_Record set_.
* * * *

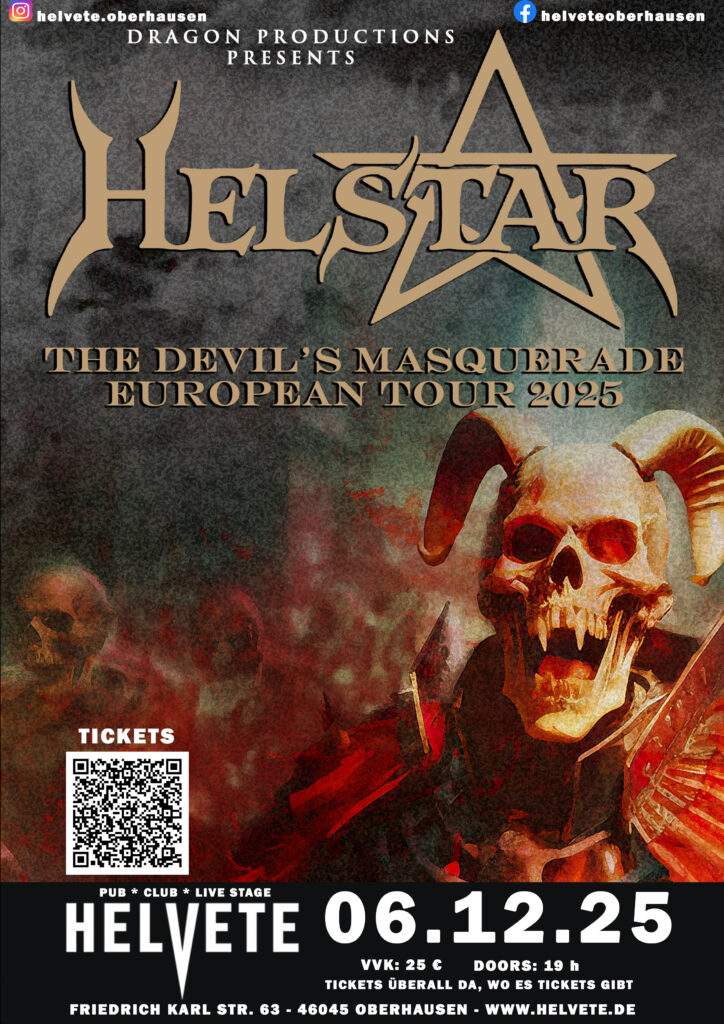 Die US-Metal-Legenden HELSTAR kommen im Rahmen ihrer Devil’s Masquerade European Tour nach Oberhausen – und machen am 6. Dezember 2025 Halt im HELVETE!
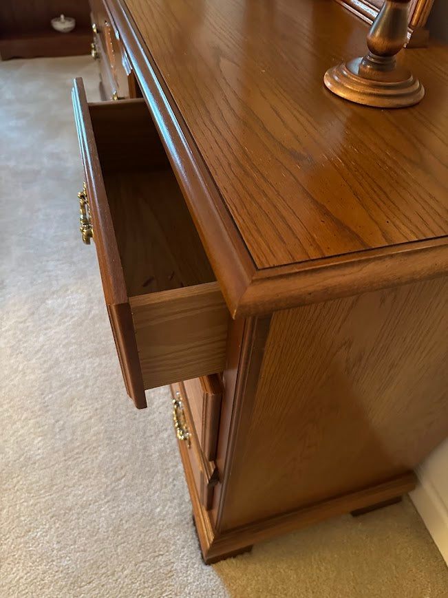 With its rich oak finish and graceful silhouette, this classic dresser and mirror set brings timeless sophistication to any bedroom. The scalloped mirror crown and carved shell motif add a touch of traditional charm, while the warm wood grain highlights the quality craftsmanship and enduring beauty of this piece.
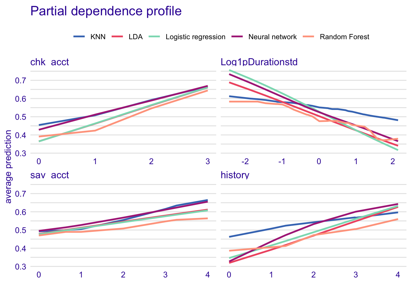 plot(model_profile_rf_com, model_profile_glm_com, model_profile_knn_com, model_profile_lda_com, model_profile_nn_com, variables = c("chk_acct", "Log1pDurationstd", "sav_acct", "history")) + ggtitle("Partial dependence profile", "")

* * * *

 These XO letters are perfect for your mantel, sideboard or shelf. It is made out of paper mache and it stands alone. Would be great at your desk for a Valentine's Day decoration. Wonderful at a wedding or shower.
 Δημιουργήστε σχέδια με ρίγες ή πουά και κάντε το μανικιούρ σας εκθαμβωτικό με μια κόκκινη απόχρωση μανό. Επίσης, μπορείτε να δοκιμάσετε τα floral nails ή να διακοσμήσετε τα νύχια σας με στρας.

* * * *

Among the entries above, take the lines from the one with "With its rich" through the one with "model_profile_lda_com, model_profile_nn_com, variables" and retype them exactly, leaving out the pictures.

 With its rich oak finish and graceful silhouette, this classic dresser and mirror set brings timeless sophistication to any bedroom. The scalloped mirror crown and carved shell motif add a touch of traditional charm, while the warm wood grain highlights the quality craftsmanship and enduring beauty of this piece.
 plot(model_profile_rf_com, model_profile_glm_com, model_profile_knn_com, model_profile_lda_com, model_profile_nn_com, variables = c("chk_acct", "Log1pDurationstd", "sav_acct", "history")) + ggtitle("Partial dependence profile", "")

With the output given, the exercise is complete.